Write out the lines of the material below exactly, beginning at the line with "在烟雨连绵的天气下,党员同志" and stopping after the line with "Không giống máy", and leave out the pictures.

PROVIDED RECORDS.
────────

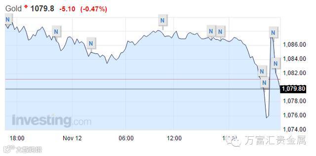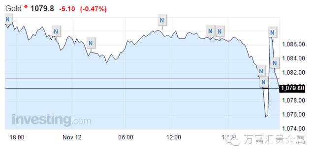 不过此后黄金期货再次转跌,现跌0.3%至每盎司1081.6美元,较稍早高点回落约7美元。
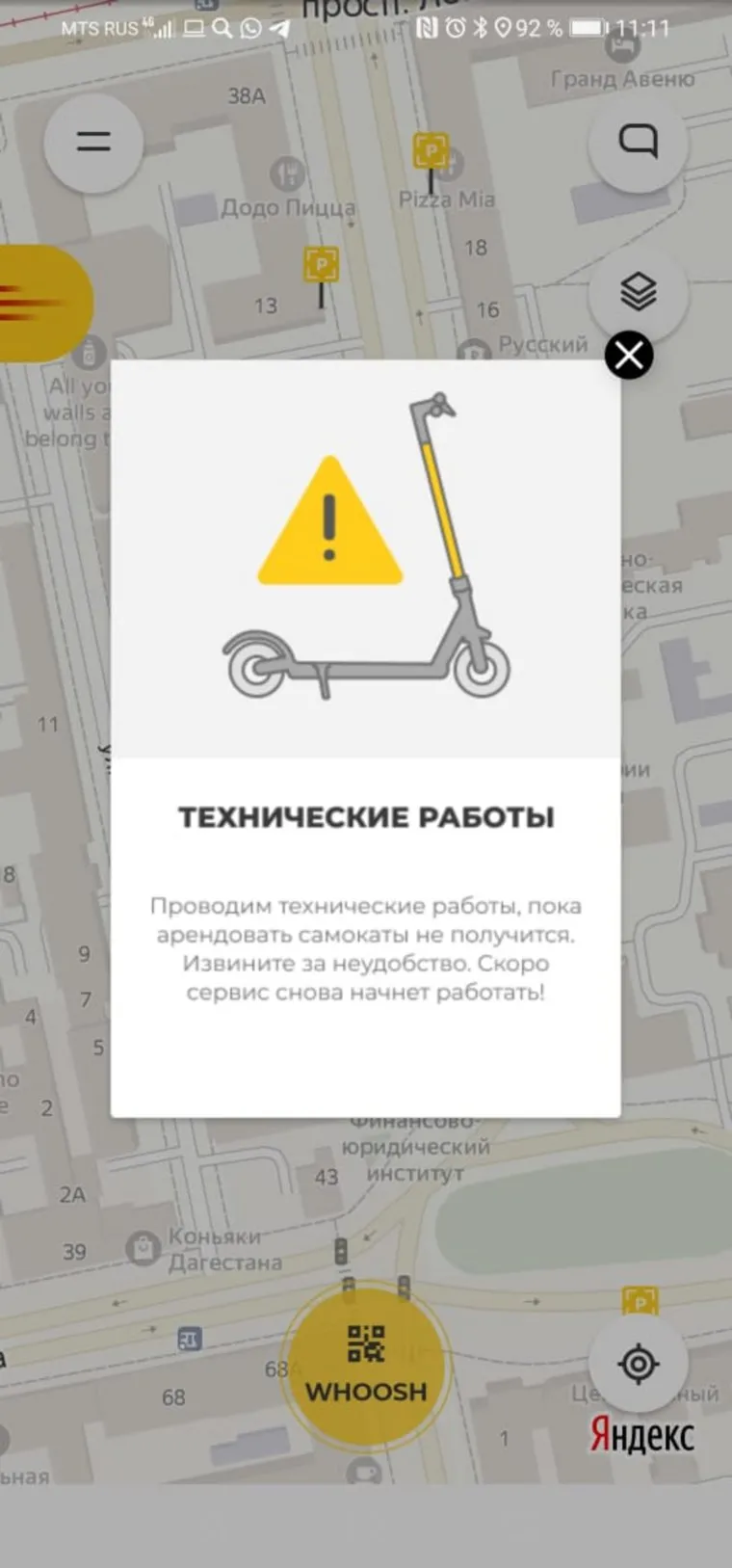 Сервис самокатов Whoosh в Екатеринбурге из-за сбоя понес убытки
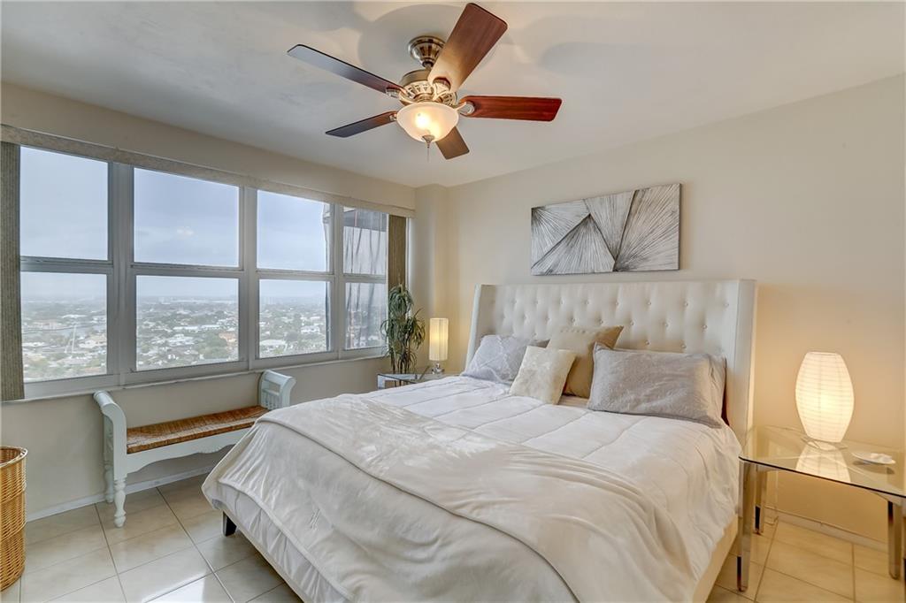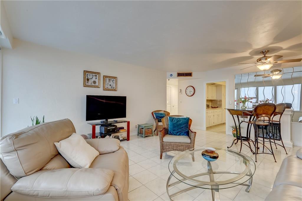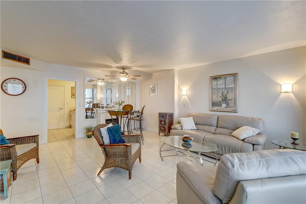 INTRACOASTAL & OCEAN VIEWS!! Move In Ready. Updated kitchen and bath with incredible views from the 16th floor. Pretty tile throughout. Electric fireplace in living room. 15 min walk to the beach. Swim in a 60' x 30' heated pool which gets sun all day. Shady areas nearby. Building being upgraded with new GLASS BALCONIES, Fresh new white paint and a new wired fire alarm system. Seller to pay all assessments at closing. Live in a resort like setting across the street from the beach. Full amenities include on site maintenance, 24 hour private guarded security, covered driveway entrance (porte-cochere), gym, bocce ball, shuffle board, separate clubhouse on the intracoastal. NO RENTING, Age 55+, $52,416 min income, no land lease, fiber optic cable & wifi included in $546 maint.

────────

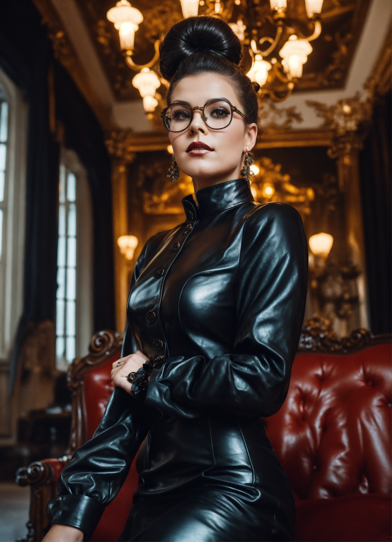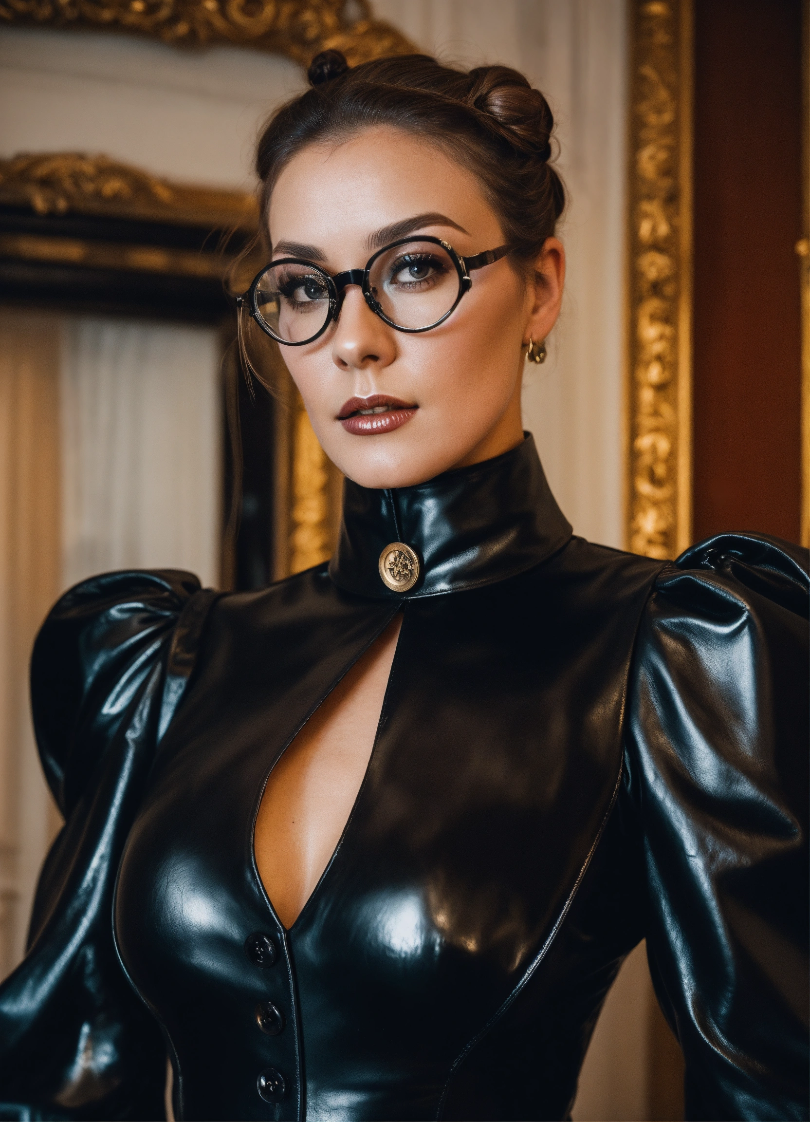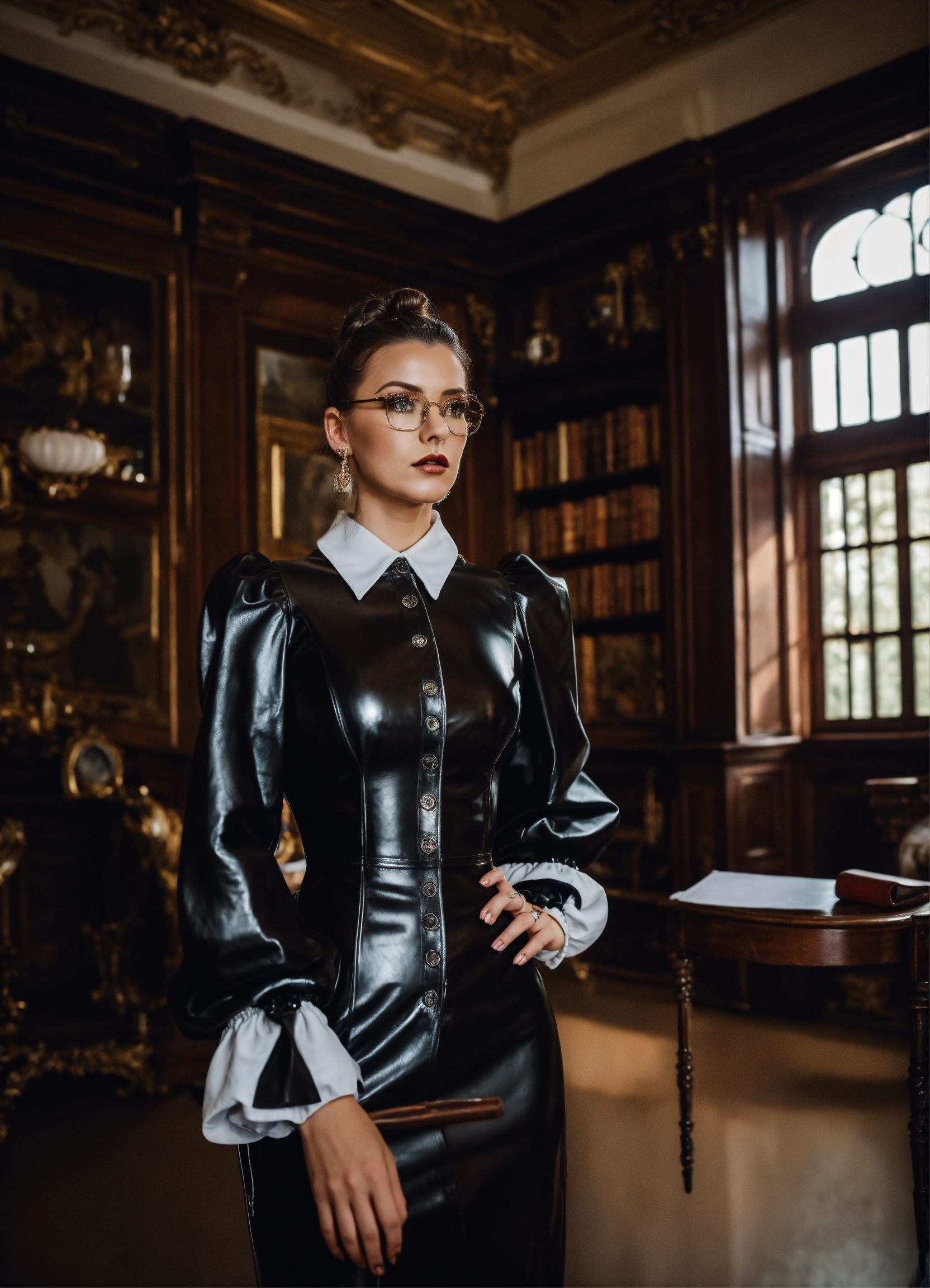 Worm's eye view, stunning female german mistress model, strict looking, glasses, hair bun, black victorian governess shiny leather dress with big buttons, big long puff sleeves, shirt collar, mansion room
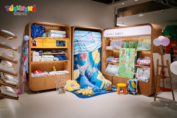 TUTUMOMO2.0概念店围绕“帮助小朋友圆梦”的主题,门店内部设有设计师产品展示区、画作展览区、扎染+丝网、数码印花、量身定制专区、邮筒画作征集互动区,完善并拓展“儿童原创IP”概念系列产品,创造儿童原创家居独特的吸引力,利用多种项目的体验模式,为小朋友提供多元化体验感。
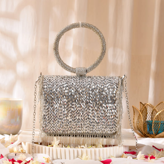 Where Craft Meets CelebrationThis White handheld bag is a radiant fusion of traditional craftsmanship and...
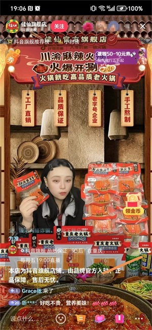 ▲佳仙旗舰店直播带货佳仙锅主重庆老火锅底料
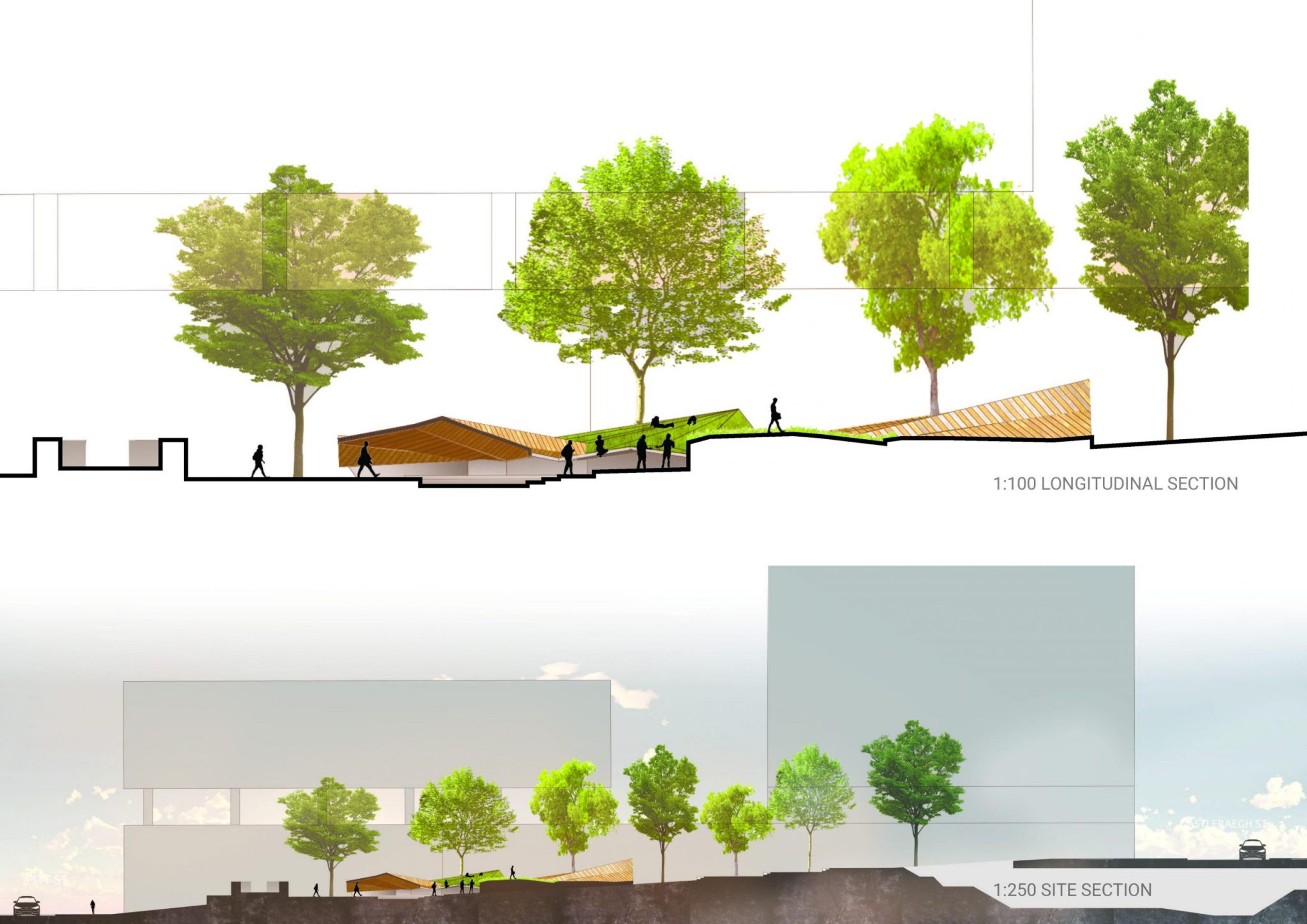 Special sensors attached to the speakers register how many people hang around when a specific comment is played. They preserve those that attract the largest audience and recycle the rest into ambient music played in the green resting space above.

────────

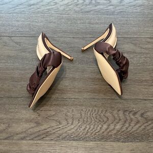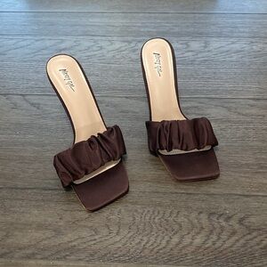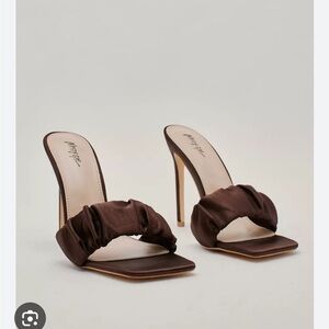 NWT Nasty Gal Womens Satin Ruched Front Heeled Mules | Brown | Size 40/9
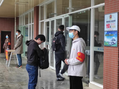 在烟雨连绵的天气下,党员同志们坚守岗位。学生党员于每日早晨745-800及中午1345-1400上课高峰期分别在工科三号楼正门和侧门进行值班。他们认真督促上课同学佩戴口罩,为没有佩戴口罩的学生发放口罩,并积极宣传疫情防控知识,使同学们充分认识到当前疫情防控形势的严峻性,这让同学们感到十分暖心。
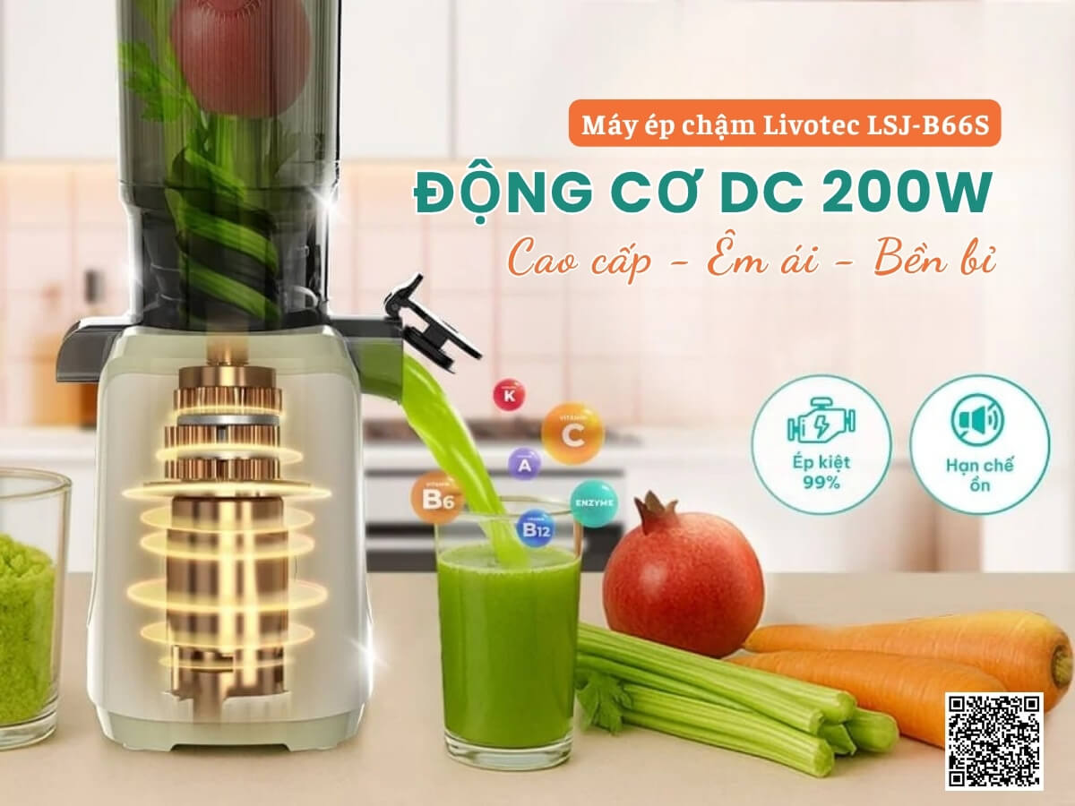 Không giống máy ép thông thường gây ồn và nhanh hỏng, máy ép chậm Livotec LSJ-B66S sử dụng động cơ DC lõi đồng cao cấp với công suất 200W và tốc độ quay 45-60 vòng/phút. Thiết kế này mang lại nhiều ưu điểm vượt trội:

────────

OUTPUT OF THE EXERCISE.
 在烟雨连绵的天气下,党员同志们坚守岗位。学生党员于每日早晨745-800及中午1345-1400上课高峰期分别在工科三号楼正门和侧门进行值班。他们认真督促上课同学佩戴口罩,为没有佩戴口罩的学生发放口罩,并积极宣传疫情防控知识,使同学们充分认识到当前疫情防控形势的严峻性,这让同学们感到十分暖心。
 Không giống máy ép thông thường gây ồn và nhanh hỏng, máy ép chậm Livotec LSJ-B66S sử dụng động cơ DC lõi đồng cao cấp với công suất 200W và tốc độ quay 45-60 vòng/phút. Thiết kế này mang lại nhiều ưu điểm vượt trội:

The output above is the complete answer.